◆ WHAT TO PRODUCE
Below are records to transcribe exactly, without their pictures.

◆ ◆ ◆ ◆ ◆

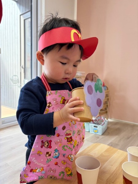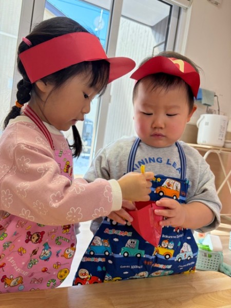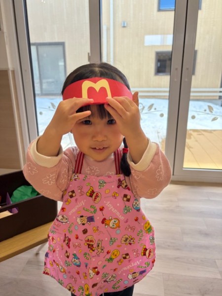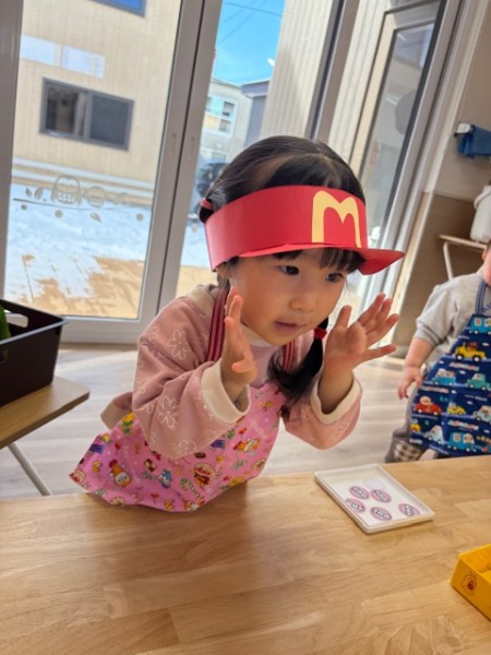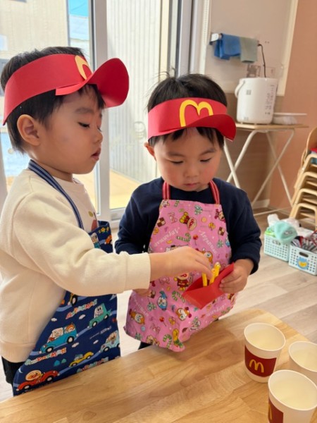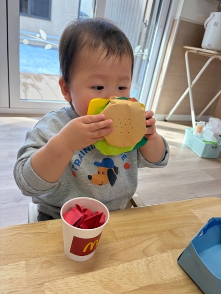 つき組さん「マック」のお店屋さんごっこをしました!「いらっしゃいませー!」「どれにしますかー?」と言ったり、ハンバーガーやポテト、ジュースを店員さん同士で協力し作り楽しんでいる様子でしたよ(^^)お客さん側はお金を持ち、「これください!」とウキウキしながら出来上がりを待っていました♪最後は椅子に座りみんなで美味しく頂きました😄
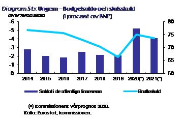 Ungern uppfyller kriteriet om den offentliga sektorns finanser. Ungern omfattas inte av något rådsbeslut om alltför stora underskott. Ungern har omfattats av förfaranden vid betydande avvikelse sedan juni 2018. Underskottet i den offentliga sektorns finanser minskade till 2,1 % av BNP 2018, jämfört med 2,5 % 2017, för att sedan minska ytterligare till 2,0 % 2019. Enligt kommissionens vårprognos 2020 beräknas det, vid oförändrad politik, öka till 5,2 % av BNP under 2020 till följd av covid-19-krisen, för att sedan minska till 4,0 % av BNP under 2021. Den 20 maj 2020 antog kommissionen en rapport i enlighet med artikel 126.3 i EUF-fördraget till följd av den planerade överträdelsen av det fördragsenliga referensvärdet på 3 % av BNP. I rapporten drogs slutsatsen att stabilitets- och tillväxtpaktens underskottskriterium inte är uppfyllt. Mot bakgrund av den nuvarande situationen anser kommissionen att inget beslut bör fattas i detta läge om huruvida Ungern ska bli föremål för ett förfarande vid alltför stora underskott. Den offentliga bruttoskuldkvoten minskade till 66,3 % av BNP under 2019 och beräknas öka till 75,0 % av BNP under 2020 och uppgå till 73,5 % av BNP under 2021. Ungern har ett välutvecklat finanspolitiskt ramverk med strikta regler och förfaranden för skuldkontroll på samtliga myndighetsnivåer. Det finanspolitiska rådet har dock en obetydlig roll i granskningen och utformningen av finanspolitiken.
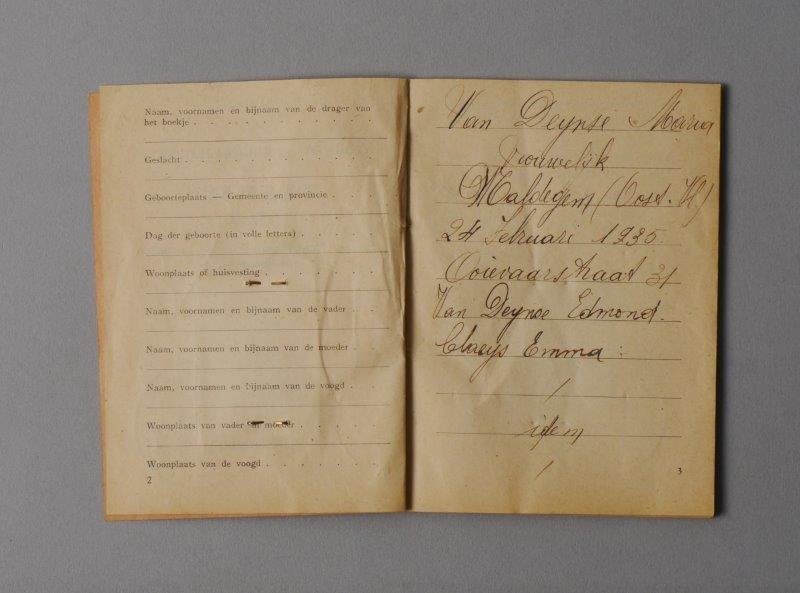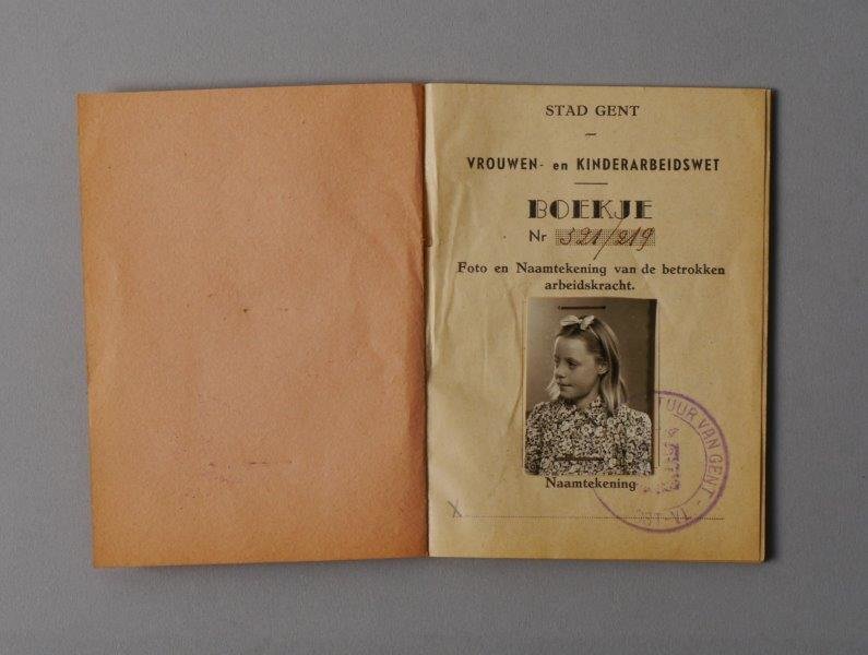 Vrouwen- en kinderarbeidswetboekje uitgereikt door gemeentebestuur van Gent aan Maria Van Deynse, geboren op 24 februari 1935, vrouw, 14 jaar. Datum van afgifte van het boekje: 23/08/1949. Nummer van het boekje: 321/219.
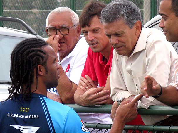 NETVASCO - 19/08/2009 - QUA - 12:36 - Carlos Alberto conversou com Nelsinho Rosa durante o treino desta 4ªO ex-treinador Nelsinho Rosa, campeão brasileiro com o Vasco em 1989, apareceu nesta quarta-feira no Vasco-Barra para acompanhar o jogo-treino contra o Sendas. Durante a atividade, ele ficou conversando com o meia Carlos Alberto. Nelsinho trabalha nas divisões de base do clube.
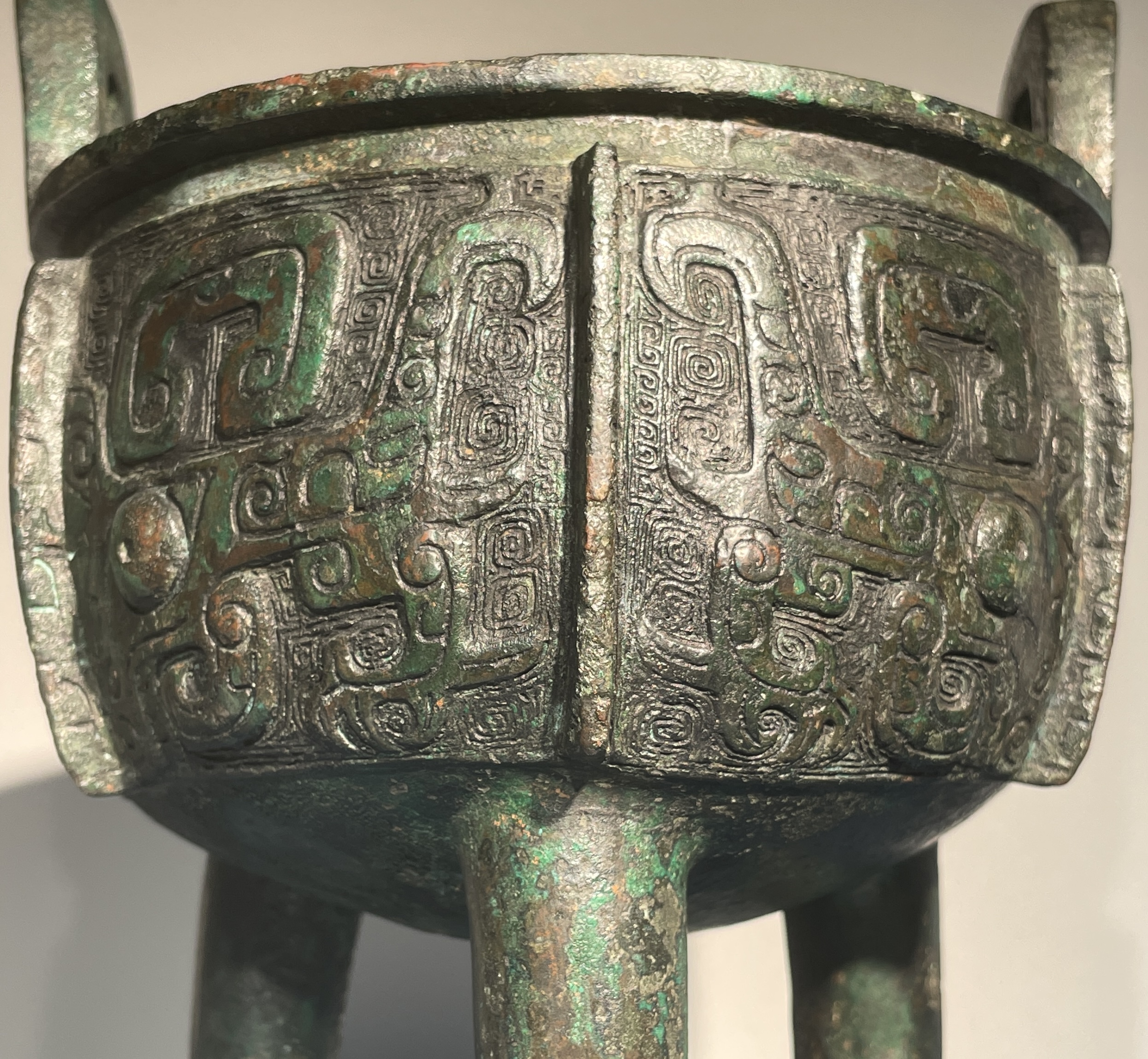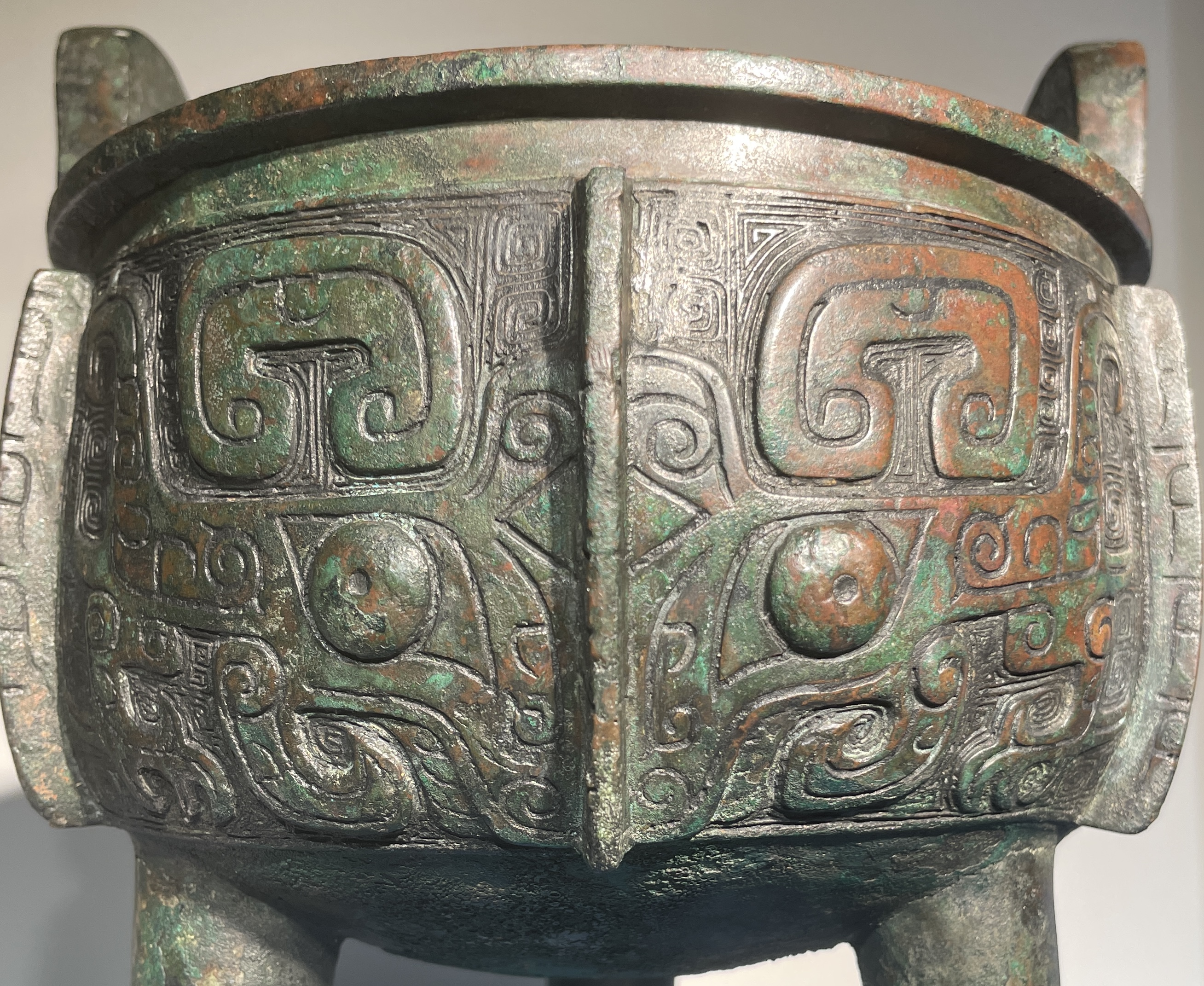 藏友好,首先这是一件非常开门到代的器物:商晚周早圆足饕餮纹立耳青铜鼎,北方坑,典型的红斑绿锈。因为北方土质干燥、土里水分较南方少,而且不像南方的土质带弱酸性,所以对器物的腐蚀较轻,锈蚀就没那么的深入。锈的结晶从器物表面是看不了的,如果剔一块锈下来再放大看就能看到锈的结晶体了。而您说的底部和内堂的锈其实是原汁原味的结晶锈层,没有经过人为刮磨除锈的痕迹。至于这些纹饰和垫片的痕迹能不能看到已经不重要了,因为每一件器物铸造出来后还要经过人工精细的打磨,很多器物已经看不到铸造痕迹和垫片了。所以这件器物的工艺是原装的,不存在加刻和拼接的作假。以上是我个人观点、仅作参考。

◆ ◆ ◆ ◆ ◆

◆ ANSWER BOX
 つき組さん「マック」のお店屋さんごっこをしました!「いらっしゃいませー!」「どれにしますかー?」と言ったり、ハンバーガーやポテト、ジュースを店員さん同士で協力し作り楽しんでいる様子でしたよ(^^)お客さん側はお金を持ち、「これください!」とウキウキしながら出来上がりを待っていました♪最後は椅子に座りみんなで美味しく頂きました😄
 Ungern uppfyller kriteriet om den offentliga sektorns finanser. Ungern omfattas inte av något rådsbeslut om alltför stora underskott. Ungern har omfattats av förfaranden vid betydande avvikelse sedan juni 2018. Underskottet i den offentliga sektorns finanser minskade till 2,1 % av BNP 2018, jämfört med 2,5 % 2017, för att sedan minska ytterligare till 2,0 % 2019. Enligt kommissionens vårprognos 2020 beräknas det, vid oförändrad politik, öka till 5,2 % av BNP under 2020 till följd av covid-19-krisen, för att sedan minska till 4,0 % av BNP under 2021. Den 20 maj 2020 antog kommissionen en rapport i enlighet med artikel 126.3 i EUF-fördraget till följd av den planerade överträdelsen av det fördragsenliga referensvärdet på 3 % av BNP. I rapporten drogs slutsatsen att stabilitets- och tillväxtpaktens underskottskriterium inte är uppfyllt. Mot bakgrund av den nuvarande situationen anser kommissionen att inget beslut bör fattas i detta läge om huruvida Ungern ska bli föremål för ett förfarande vid alltför stora underskott. Den offentliga bruttoskuldkvoten minskade till 66,3 % av BNP under 2019 och beräknas öka till 75,0 % av BNP under 2020 och uppgå till 73,5 % av BNP under 2021. Ungern har ett välutvecklat finanspolitiskt ramverk med strikta regler och förfaranden för skuldkontroll på samtliga myndighetsnivåer. Det finanspolitiska rådet har dock en obetydlig roll i granskningen och utformningen av finanspolitiken.
 Vrouwen- en kinderarbeidswetboekje uitgereikt door gemeentebestuur van Gent aan Maria Van Deynse, geboren op 24 februari 1935, vrouw, 14 jaar. Datum van afgifte van het boekje: 23/08/1949. Nummer van het boekje: 321/219.
 NETVASCO - 19/08/2009 - QUA - 12:36 - Carlos Alberto conversou com Nelsinho Rosa durante o treino desta 4ªO ex-treinador Nelsinho Rosa, campeão brasileiro com o Vasco em 1989, apareceu nesta quarta-feira no Vasco-Barra para acompanhar o jogo-treino contra o Sendas. Durante a atividade, ele ficou conversando com o meia Carlos Alberto. Nelsinho trabalha nas divisões de base do clube.
 藏友好,首先这是一件非常开门到代的器物:商晚周早圆足饕餮纹立耳青铜鼎,北方坑,典型的红斑绿锈。因为北方土质干燥、土里水分较南方少,而且不像南方的土质带弱酸性,所以对器物的腐蚀较轻,锈蚀就没那么的深入。锈的结晶从器物表面是看不了的,如果剔一块锈下来再放大看就能看到锈的结晶体了。而您说的底部和内堂的锈其实是原汁原味的结晶锈层,没有经过人为刮磨除锈的痕迹。至于这些纹饰和垫片的痕迹能不能看到已经不重要了,因为每一件器物铸造出来后还要经过人工精细的打磨,很多器物已经看不到铸造痕迹和垫片了。所以这件器物的工艺是原装的,不存在加刻和拼接的作假。以上是我个人观点、仅作参考。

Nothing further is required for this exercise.